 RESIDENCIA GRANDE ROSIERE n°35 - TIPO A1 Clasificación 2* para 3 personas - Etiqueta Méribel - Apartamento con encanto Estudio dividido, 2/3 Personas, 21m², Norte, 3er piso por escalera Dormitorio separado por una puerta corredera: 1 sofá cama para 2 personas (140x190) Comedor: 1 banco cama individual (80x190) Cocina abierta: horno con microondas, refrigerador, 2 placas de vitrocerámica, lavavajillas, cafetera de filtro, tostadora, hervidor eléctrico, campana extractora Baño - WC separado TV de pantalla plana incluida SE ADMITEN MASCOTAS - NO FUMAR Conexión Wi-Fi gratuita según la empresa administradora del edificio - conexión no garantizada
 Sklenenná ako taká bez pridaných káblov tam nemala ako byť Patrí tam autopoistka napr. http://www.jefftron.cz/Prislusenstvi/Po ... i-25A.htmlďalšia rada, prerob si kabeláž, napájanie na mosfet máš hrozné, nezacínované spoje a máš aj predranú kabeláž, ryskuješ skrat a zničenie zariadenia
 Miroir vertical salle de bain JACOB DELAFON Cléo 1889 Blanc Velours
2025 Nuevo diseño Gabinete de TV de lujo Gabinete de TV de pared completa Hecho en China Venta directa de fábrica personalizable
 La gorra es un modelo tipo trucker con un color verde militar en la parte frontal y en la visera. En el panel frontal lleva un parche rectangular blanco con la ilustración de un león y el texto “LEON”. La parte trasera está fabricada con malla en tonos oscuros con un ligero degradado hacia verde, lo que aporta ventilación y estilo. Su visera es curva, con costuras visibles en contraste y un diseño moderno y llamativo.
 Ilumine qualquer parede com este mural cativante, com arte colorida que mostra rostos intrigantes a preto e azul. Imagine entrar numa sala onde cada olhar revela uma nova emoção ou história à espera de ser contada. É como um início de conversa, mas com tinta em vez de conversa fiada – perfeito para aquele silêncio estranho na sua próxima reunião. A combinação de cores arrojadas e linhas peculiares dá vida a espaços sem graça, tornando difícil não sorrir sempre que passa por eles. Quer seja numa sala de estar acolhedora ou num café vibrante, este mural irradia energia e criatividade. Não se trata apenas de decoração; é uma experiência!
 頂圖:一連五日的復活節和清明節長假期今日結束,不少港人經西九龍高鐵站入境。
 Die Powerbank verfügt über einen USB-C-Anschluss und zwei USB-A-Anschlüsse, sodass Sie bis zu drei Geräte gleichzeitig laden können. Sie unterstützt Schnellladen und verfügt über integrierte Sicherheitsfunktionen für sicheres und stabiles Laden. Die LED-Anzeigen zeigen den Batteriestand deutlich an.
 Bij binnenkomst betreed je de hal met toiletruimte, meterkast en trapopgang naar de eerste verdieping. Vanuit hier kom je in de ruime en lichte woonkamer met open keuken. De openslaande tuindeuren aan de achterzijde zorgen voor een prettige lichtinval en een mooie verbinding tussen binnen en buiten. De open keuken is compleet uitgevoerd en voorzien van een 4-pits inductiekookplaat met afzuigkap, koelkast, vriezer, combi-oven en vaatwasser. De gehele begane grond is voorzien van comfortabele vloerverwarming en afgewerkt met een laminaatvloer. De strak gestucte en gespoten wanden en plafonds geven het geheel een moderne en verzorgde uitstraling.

▬▬▬▬▬▬

| PROBLEM DETAILS |
In the records above, the line with "頂圖:一連五日的復活節和清明節長假期今日結束,不少港人經西九龍高鐵站入境。" marks the start and the line with "Die Powerbank verfügt" marks the end; copy that stretch exactly, both lines included, and nothing else.

| OUTPUT FOR THIS EXERCISE |
 頂圖:一連五日的復活節和清明節長假期今日結束,不少港人經西九龍高鐵站入境。
 Die Powerbank verfügt über einen USB-C-Anschluss und zwei USB-A-Anschlüsse, sodass Sie bis zu drei Geräte gleichzeitig laden können. Sie unterstützt Schnellladen und verfügt über integrierte Sicherheitsfunktionen für sicheres und stabiles Laden. Die LED-Anzeigen zeigen den Batteriestand deutlich an.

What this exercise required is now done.